## Collection entries
####################

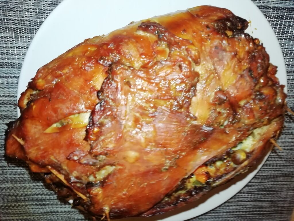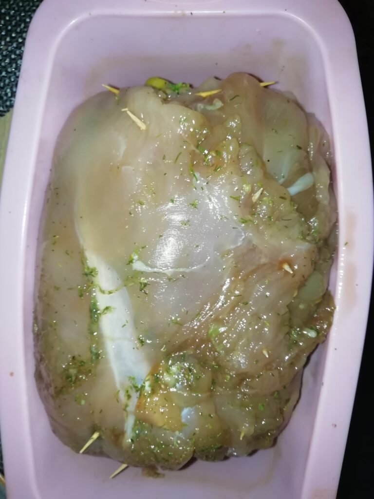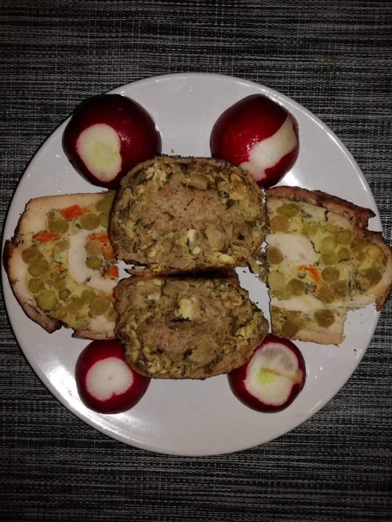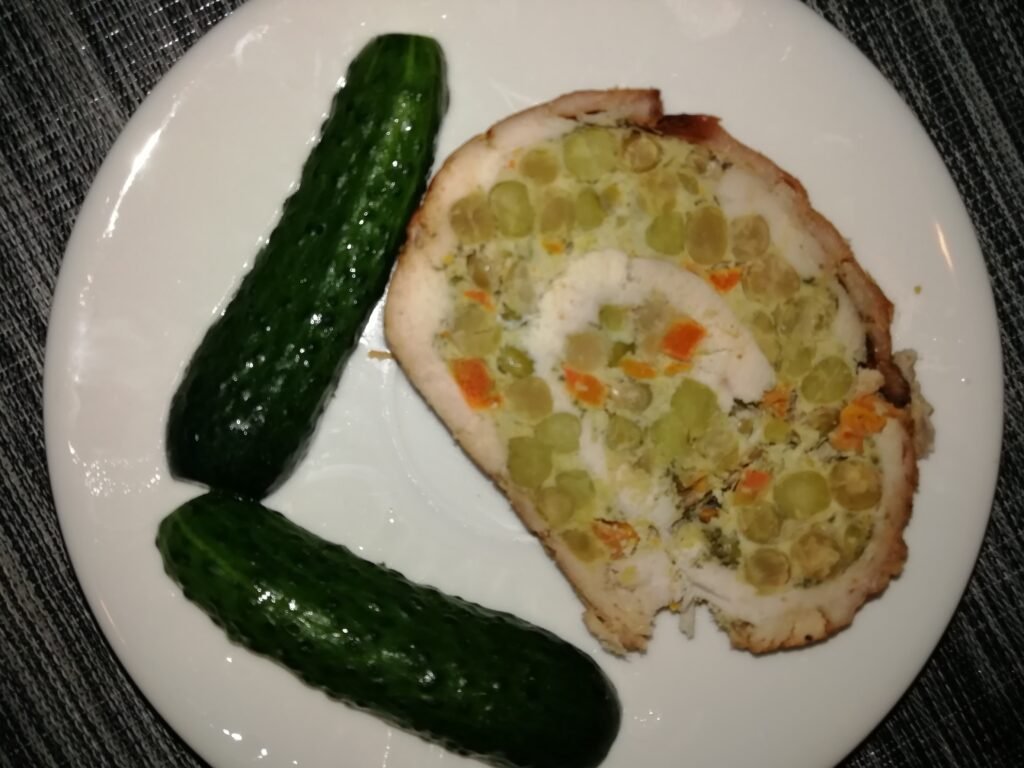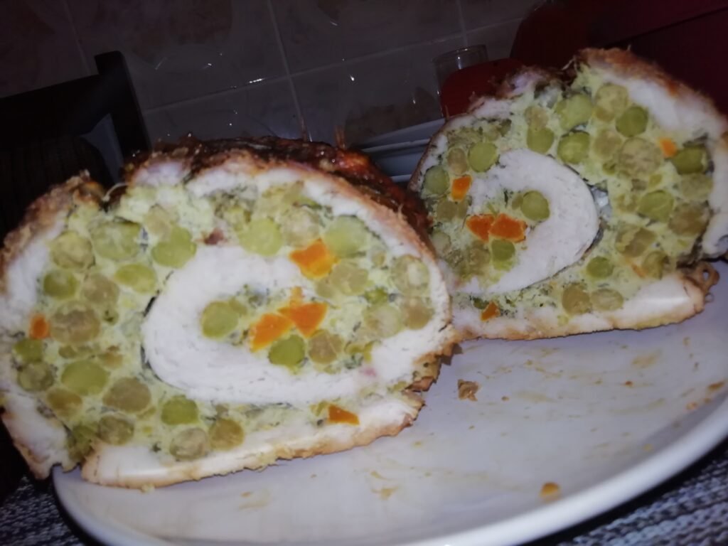 Mod de preparare: Am bătut subțire (cu grijă să nu se rupă) pieptul de pui feliat în prealabil, ca pentru șnițele și l-am condimentat cu usturoi pisat, sare, oregano și l-am lăsat la rece vreo 1-2 ore pentru a se îmbina aromele condimentelor. Cele 150 g de piept de pui tocat le-am amestecat cu mazărea și morcovul fiert- tocat cubulețe, sare și ceapa verde tocată mărunt. Am întins pieptul de pui pe blatul de lucru, suprapunându-l cam 1 cm parte peste parte, am răsturnat toată compoziția și am uniformizat-o pe toată suprafața foii de piept de pui. Am rulat strâns, am fixat foaia de piept de pui din loc în loc cu ajutorul unor scobitori, am așezat rulada într-o tavă de silicon în care am adăugat un pahar cu apă și am acoperit- o cu o folie de aluminiu (sau se poate așeza pe tavă un capac). Am lăsat ruladă în cuptor, la gătit aprox. 30 minute și apoi încă 10 min. fără folie că să se rumenească. Am lăsat-o la răcit, apoi am scos-o din tavă și am feliat-o. Poftă bună!
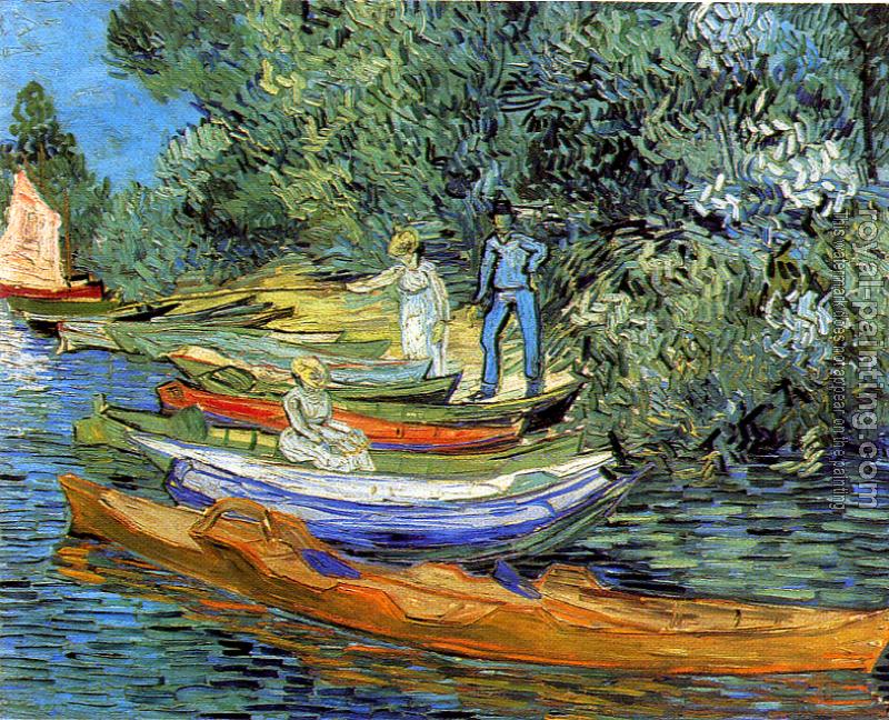 * Hand-painted Vincent Van Gogh Oil Painting Reproduction : Riverbank with Rowboats and Three Figures
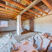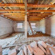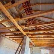 - Наружные и внутренние стены дома без отделки. Высота подкровельного пространства позволяет обустройство второго этажа.
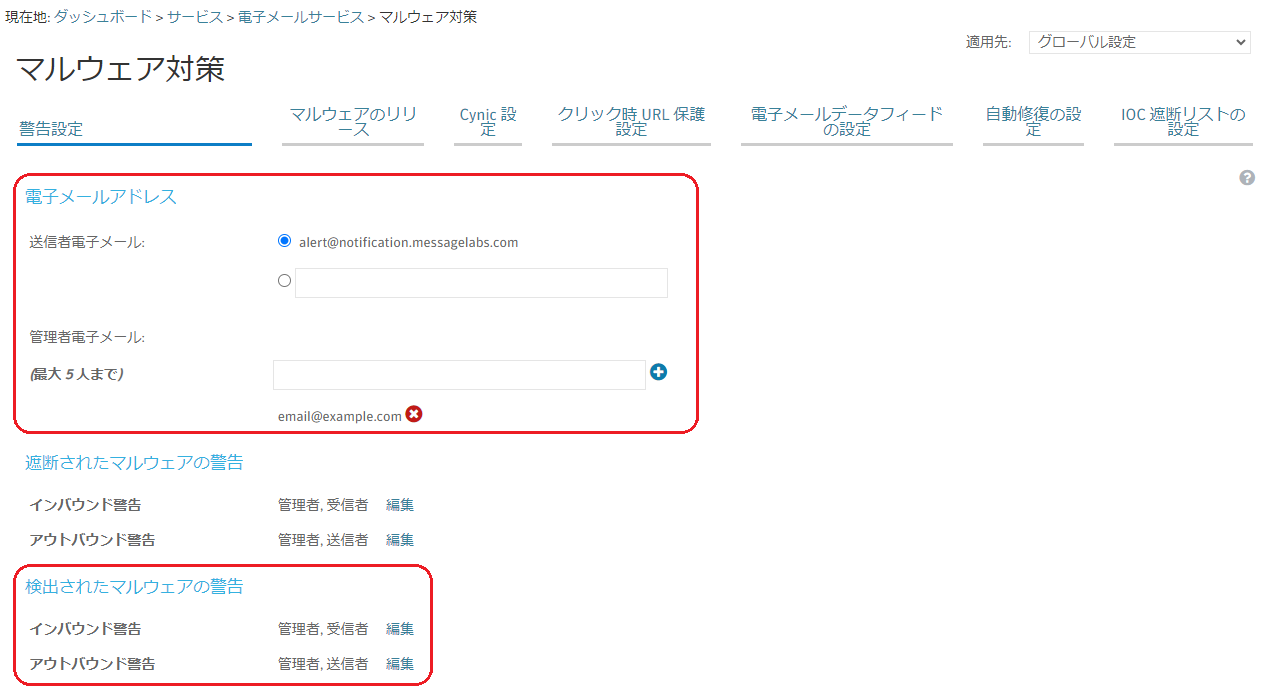 配送後にメールにマルウェアが含まれていたと判明した場合の通知設定について説明します。
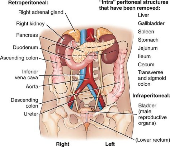 Intraperitoneal: peritonealized organs having a mesentery, such as the stomach, small intestine (jejunum and ileum), transverse colon, liver and gallbladder. Retroperitoneal: organs without a mesentery and associated with posterior body wall, such as the aorta, inferior vena cava, kidneys and suprarenal glands.
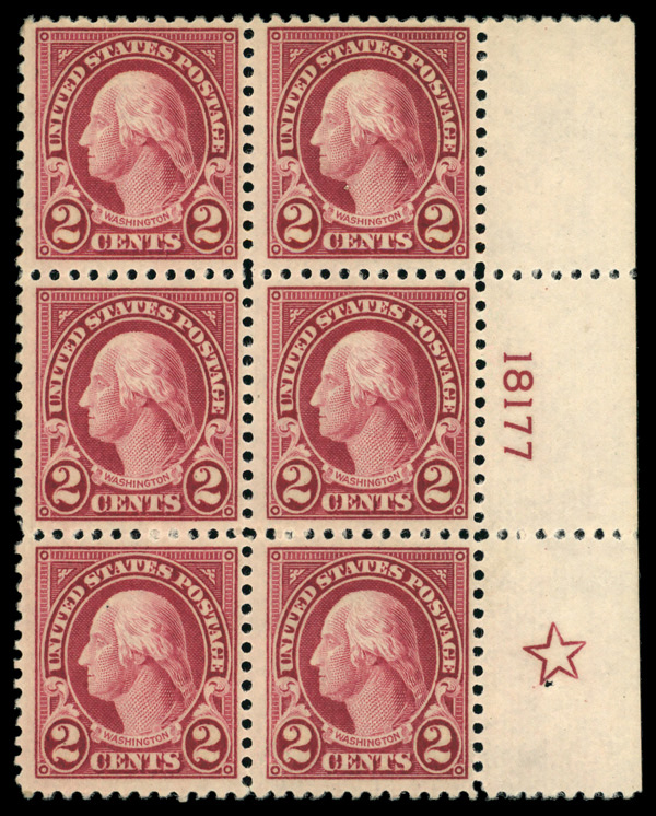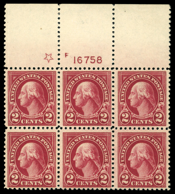 8319 nhbl 554 image1923, 2¢ Washington (Scott 554), plate block of 6 with large 5-point star, o.g., never hinged, Fine to Very Fine.
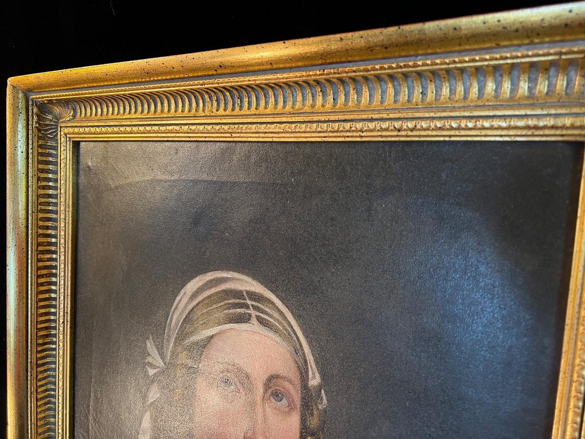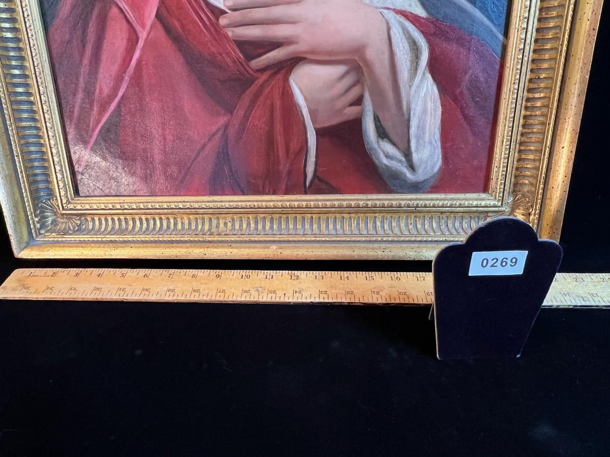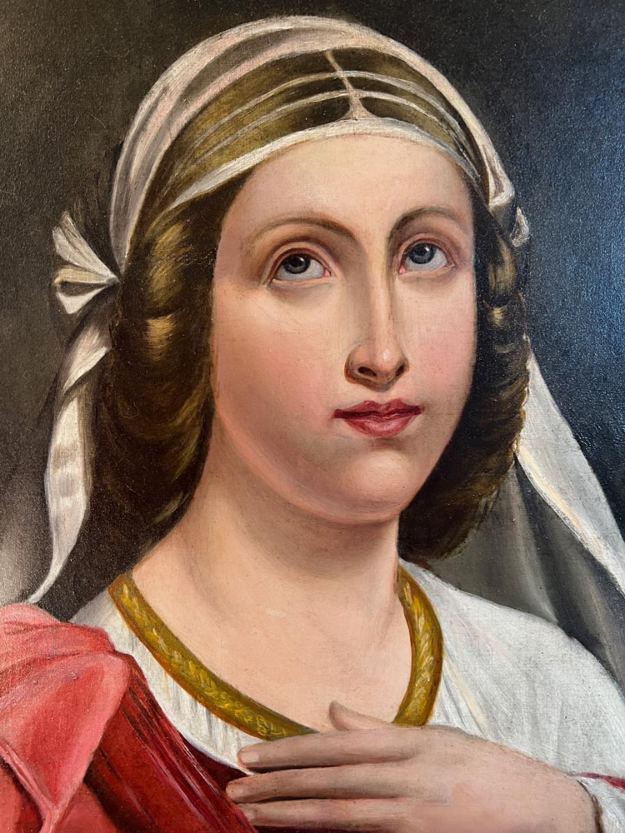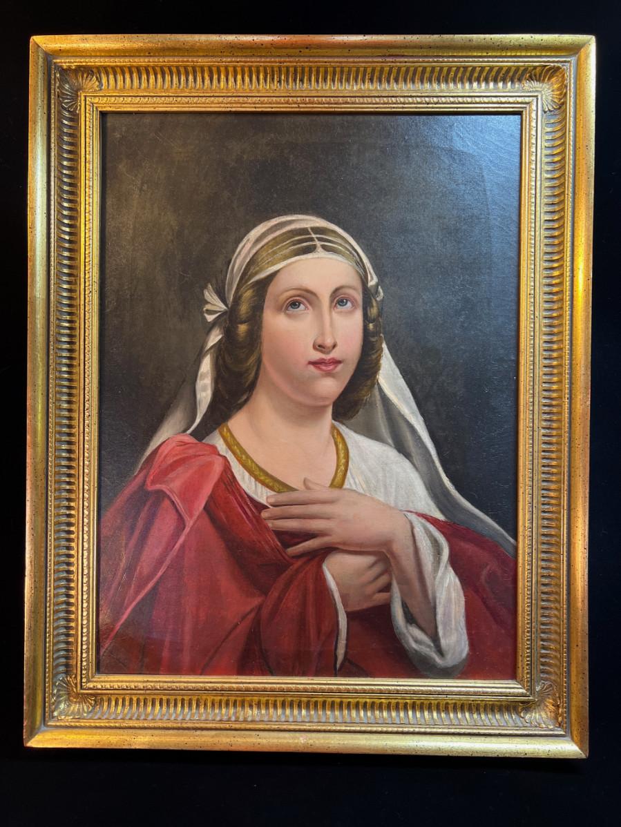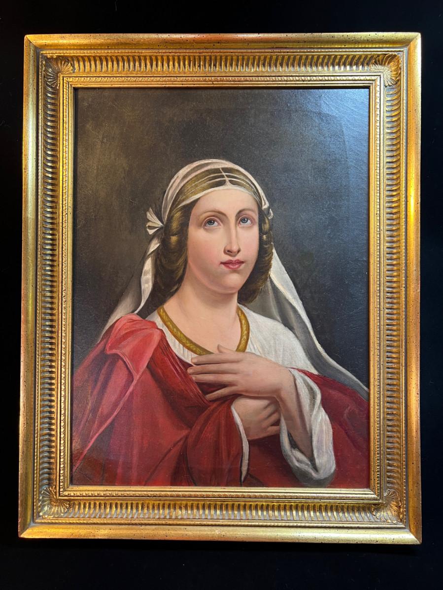DESCRIPTION: The subject item is a classic bust length portrait of a female saint with a heavenward gaze and arms crossed over her heart.
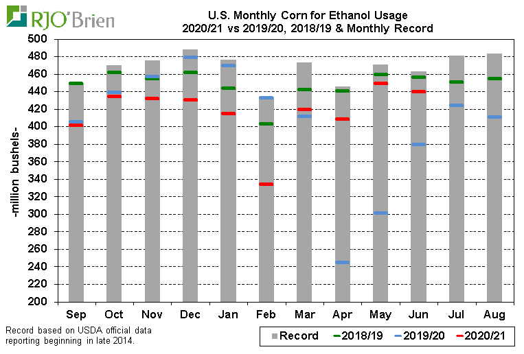 USDA reported 439.9 million bushels of corn was used for ethanol production in June, down from 448.9 million in May, and compared to 379.2 million bushels in June last year and 456.4 million in June 2019. This was a bit lower than we anticipated as there was an uptick in sorghum being used for ethanol production in June, as well as an apparent uptick in ethanol/corn yields to around 2.97 gallons/bushel from 2.92 in May, resulting in more ethanol being produced with less bushels of corn. Sept-June marketing year-to-date corn for ethanol usage of 4.162 billion bushels is up 3.5% from last year’s 4.020 billion and will require July-August usage of 888 million bushels in order to reach the USDA’s 5.050 billion bushel annual estimate, 6.1% higher than last year’s 837 million and 2.0% less than 2019’s 905 million. Over the last three weeks, ethanol production ran at an average decline to 2019 of 1.7% and was 5.8% above last year’s production last week as year ago production rates finally began to stabilize after the recovery from the COVID shock. The sharp rise in ethanol stocks in recent weeks has begun to put a bit of pressure on production rates but, overall, today’s data and recent-week ethanol production levels have supported the USDA’s annual demand estimate. USDA reported 1.930 million tons of DDGS were produced in June vs 1.943 million in May and 1.664 million tons last year, putting corn marketing year-to-date production at 17.755 million tons vs 16.750 million tons last year.
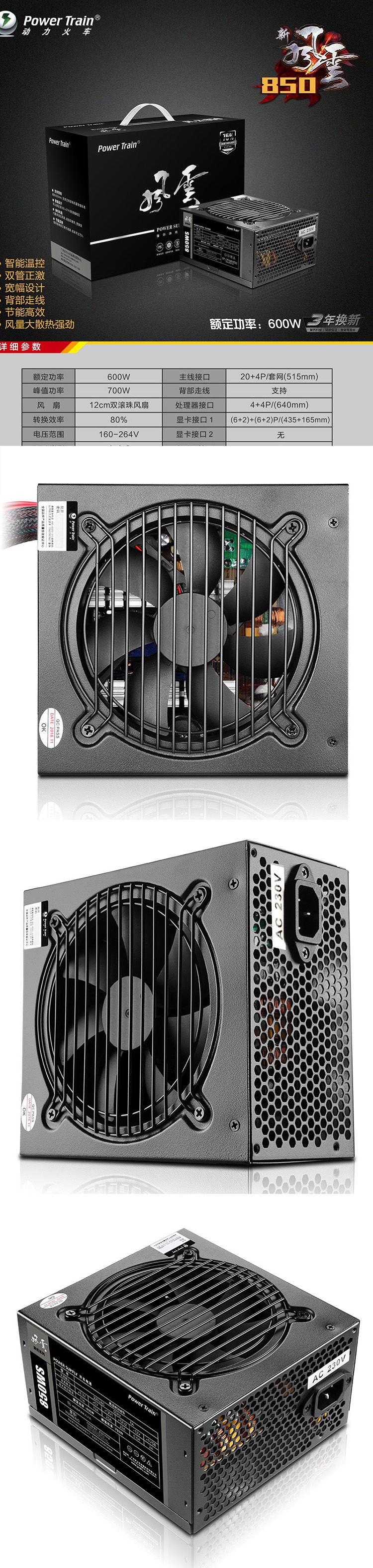 动力火车 风云850WS 电脑电源 额定功率600W

####################

## Description of the task
The answer should match the data above word for word, with no pictures in it.

## Answer space
 Mod de preparare: Am bătut subțire (cu grijă să nu se rupă) pieptul de pui feliat în prealabil, ca pentru șnițele și l-am condimentat cu usturoi pisat, sare, oregano și l-am lăsat la rece vreo 1-2 ore pentru a se îmbina aromele condimentelor. Cele 150 g de piept de pui tocat le-am amestecat cu mazărea și morcovul fiert- tocat cubulețe, sare și ceapa verde tocată mărunt. Am întins pieptul de pui pe blatul de lucru, suprapunându-l cam 1 cm parte peste parte, am răsturnat toată compoziția și am uniformizat-o pe toată suprafața foii de piept de pui. Am rulat strâns, am fixat foaia de piept de pui din loc în loc cu ajutorul unor scobitori, am așezat rulada într-o tavă de silicon în care am adăugat un pahar cu apă și am acoperit- o cu o folie de aluminiu (sau se poate așeza pe tavă un capac). Am lăsat ruladă în cuptor, la gătit aprox. 30 minute și apoi încă 10 min. fără folie că să se rumenească. Am lăsat-o la răcit, apoi am scos-o din tavă și am feliat-o. Poftă bună!
 * Hand-painted Vincent Van Gogh Oil Painting Reproduction : Riverbank with Rowboats and Three Figures
 - Наружные и внутренние стены дома без отделки. Высота подкровельного пространства позволяет обустройство второго этажа.
 配送後にメールにマルウェアが含まれていたと判明した場合の通知設定について説明します。
 Intraperitoneal: peritonealized organs having a mesentery, such as the stomach, small intestine (jejunum and ileum), transverse colon, liver and gallbladder. Retroperitoneal: organs without a mesentery and associated with posterior body wall, such as the aorta, inferior vena cava, kidneys and suprarenal glands.
 8319 nhbl 554 image1923, 2¢ Washington (Scott 554), plate block of 6 with large 5-point star, o.g., never hinged, Fine to Very Fine.
DESCRIPTION: The subject item is a classic bust length portrait of a female saint with a heavenward gaze and arms crossed over her heart.
 USDA reported 439.9 million bushels of corn was used for ethanol production in June, down from 448.9 million in May, and compared to 379.2 million bushels in June last year and 456.4 million in June 2019. This was a bit lower than we anticipated as there was an uptick in sorghum being used for ethanol production in June, as well as an apparent uptick in ethanol/corn yields to around 2.97 gallons/bushel from 2.92 in May, resulting in more ethanol being produced with less bushels of corn. Sept-June marketing year-to-date corn for ethanol usage of 4.162 billion bushels is up 3.5% from last year’s 4.020 billion and will require July-August usage of 888 million bushels in order to reach the USDA’s 5.050 billion bushel annual estimate, 6.1% higher than last year’s 837 million and 2.0% less than 2019’s 905 million. Over the last three weeks, ethanol production ran at an average decline to 2019 of 1.7% and was 5.8% above last year’s production last week as year ago production rates finally began to stabilize after the recovery from the COVID shock. The sharp rise in ethanol stocks in recent weeks has begun to put a bit of pressure on production rates but, overall, today’s data and recent-week ethanol production levels have supported the USDA’s annual demand estimate. USDA reported 1.930 million tons of DDGS were produced in June vs 1.943 million in May and 1.664 million tons last year, putting corn marketing year-to-date production at 17.755 million tons vs 16.750 million tons last year.
 动力火车 风云850WS 电脑电源 额定功率600W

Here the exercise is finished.